Content starts
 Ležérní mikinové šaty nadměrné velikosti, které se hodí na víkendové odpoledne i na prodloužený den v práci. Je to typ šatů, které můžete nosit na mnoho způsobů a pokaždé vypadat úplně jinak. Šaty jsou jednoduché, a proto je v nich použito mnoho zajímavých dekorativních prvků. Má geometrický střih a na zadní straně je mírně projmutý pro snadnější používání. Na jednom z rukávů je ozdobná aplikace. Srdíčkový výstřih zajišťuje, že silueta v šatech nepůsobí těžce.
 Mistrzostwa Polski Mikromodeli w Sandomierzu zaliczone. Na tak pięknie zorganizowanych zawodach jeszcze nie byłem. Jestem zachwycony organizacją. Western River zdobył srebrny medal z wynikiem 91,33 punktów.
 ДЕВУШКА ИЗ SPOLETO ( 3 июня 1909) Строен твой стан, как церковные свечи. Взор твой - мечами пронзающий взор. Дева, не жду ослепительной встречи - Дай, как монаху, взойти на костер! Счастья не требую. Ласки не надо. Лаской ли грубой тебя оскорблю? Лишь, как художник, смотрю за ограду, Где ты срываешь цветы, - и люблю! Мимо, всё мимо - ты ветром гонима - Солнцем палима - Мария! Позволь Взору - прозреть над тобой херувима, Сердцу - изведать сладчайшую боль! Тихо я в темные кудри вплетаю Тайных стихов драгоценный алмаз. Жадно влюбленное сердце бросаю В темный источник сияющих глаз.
Content ends
Content starts
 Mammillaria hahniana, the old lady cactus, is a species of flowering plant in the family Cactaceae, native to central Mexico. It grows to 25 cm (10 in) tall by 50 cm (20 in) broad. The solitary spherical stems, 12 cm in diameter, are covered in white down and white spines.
Content ends
### Work task
Within the listing above, extract exactly the lines from the line with "Mistrzostwa Polski Mikromodeli" to the line with "ДЕВУШКА ИЗ SPOLETO", the two named lines included, and no others.

### Answer to the problem
 Mistrzostwa Polski Mikromodeli w Sandomierzu zaliczone. Na tak pięknie zorganizowanych zawodach jeszcze nie byłem. Jestem zachwycony organizacją. Western River zdobył srebrny medal z wynikiem 91,33 punktów.
 ДЕВУШКА ИЗ SPOLETO ( 3 июня 1909) Строен твой стан, как церковные свечи. Взор твой - мечами пронзающий взор. Дева, не жду ослепительной встречи - Дай, как монаху, взойти на костер! Счастья не требую. Ласки не надо. Лаской ли грубой тебя оскорблю? Лишь, как художник, смотрю за ограду, Где ты срываешь цветы, - и люблю! Мимо, всё мимо - ты ветром гонима - Солнцем палима - Мария! Позволь Взору - прозреть над тобой херувима, Сердцу - изведать сладчайшую боль! Тихо я в темные кудри вплетаю Тайных стихов драгоценный алмаз. Жадно влюбленное сердце бросаю В темный источник сияющих глаз.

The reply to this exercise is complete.